What we’re doing with all of this is to go broad again.

Sequencing your communication across multiple touchpoints builds trust and gets information across in a digestible way

The habit of the click

A well designed sequence opens up opportunities you would not have without.

You can integrate more information into your message while keeping it digestible. Another element that you can sprinkle along the way are calls to action. Those can go to to whitepapers, worksheets, videos and other informative resources, preferably around your general work and not only the product you sell.

If you do it right and design it well, you achieve multiple things:

  • Position yourself as the expert
    Give a glimpse of your knowledge and uniqueness
  • Share your care around details
    Share the intricacies of your work, including its environmental perks
  • Get the foot in the door with initial offers
    Place low-risk calls to action that familiarize users with the affirmative click on buttons provided by you

The habit of the click then creates less friction around the last click you actually want to get at:

Your thoughtful innovation that needs to get out there.

3. Sell: Buying from you as a logical next step

The sequencing served as guidance toward (and qualification for) the product you want to sell.

All of this ensured that it doesn’t feel like being sold to, but as an opportunity to buy from an open and informed place. You took your time to give before you take, evoking reciprocity in the process. Not only did you take your time for diligent product development, but also for sharing a lot of knowledge around your product. In these times? In this economy? Are you crazy?

No, you're not. You did good work and made sure it can actually get out there, even if that meant to walk the extra mile.

Now it’s time to go narrow again, toward the one sale your have to make.

With the sale, you narrow down again toward the one action you centered the sequence around

Conversion Magic

Narrow, broad, narrow – couldn't we have stayed narrow and have an easier life?

No, because the going-broad sequencing part is making all the difference. Remember the Rule of Seven, the tribal way of building trust and the power of repositioning. If you did it right, the decision to hit 'buy' on your product feels like a logical next step – instead of a big risk taken after confusing detail talk that never brought up a personal benefit between all the environmental perks.

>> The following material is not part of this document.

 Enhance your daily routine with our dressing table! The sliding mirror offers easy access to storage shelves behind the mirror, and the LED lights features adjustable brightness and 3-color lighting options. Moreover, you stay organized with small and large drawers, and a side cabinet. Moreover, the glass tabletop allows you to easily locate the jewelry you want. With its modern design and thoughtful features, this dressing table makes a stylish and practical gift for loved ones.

The trust built within the sequence now translates into psychological tailwind for the final click.

Remove the last barrier – tell what happens next

People generally hestitate to click on links.

Even if you have gotten people familiar with your calls to action, it’s still the internet. There’s a deep, never-ending opaqueness to any link before you click.

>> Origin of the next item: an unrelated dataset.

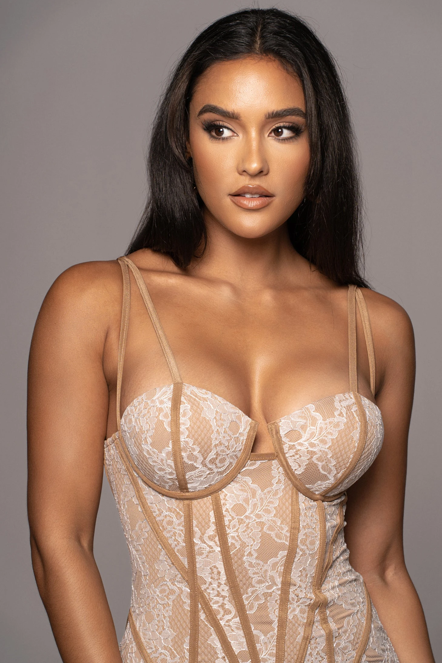 Lovely in lace with our White Katerina Lace Dress. This gorgeous curve-hugging dress features a sweetheart neckline with a bustier style bodice, and a back slit at the lower hem. Stunning piping detail throughout elevates the glamour of this midi length dress, complete with adjustable shoulder straps and back zipper for closure. Gold tone accents. Lined interior. Some stretch.

Where does it lead me? Is there a risk? That’s why it’s helpful to explain what happens as soon as you click on the link. You reduce insecurity and relax the problem radar, because you took the time to map the journey instead of just pep-talking the click.

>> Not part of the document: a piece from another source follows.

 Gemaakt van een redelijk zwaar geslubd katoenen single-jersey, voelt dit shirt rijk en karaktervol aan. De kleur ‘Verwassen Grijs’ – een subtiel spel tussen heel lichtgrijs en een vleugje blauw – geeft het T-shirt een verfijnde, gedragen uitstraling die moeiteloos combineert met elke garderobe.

This is what it could look like:

This is how Sean D'Souza does it, one of our role models in 'marketing with skill and integrity'


With shrinking attention spans in a fast dopamine environment, there's a lack of opportunity for true contributors to actually work with human psychology.

With 10 Amazon tabs open, in price-hunting mode and with little patience to inquire about product quality, the meager few seconds that most people bring are just not enough. If you have more to say than fits into a TikTok video or Twitter post, you'll run into difficulties trying to get it across.

A sequence changes that. As you go narrow, broad, and narrow again, you reduce complexity, draw essences, tell stories, offer benefits and build trust. The overwhelming nature of your product becomes accessible.

Always have a next step for people to take without feeling pressured, tugged along and sold to. As we retain our freedom of choice, a well-made funnel is really attractive to follow along. That’s how it’s gets broad again, as in enabling your future innovation history with commercial success now.

The roadmap that was promised: Your sales message DNA for high product complexity

That’s how the field of possibilities opens again.

All you need to bring is a good product, and a roadmap to the human psyche applied with integrity.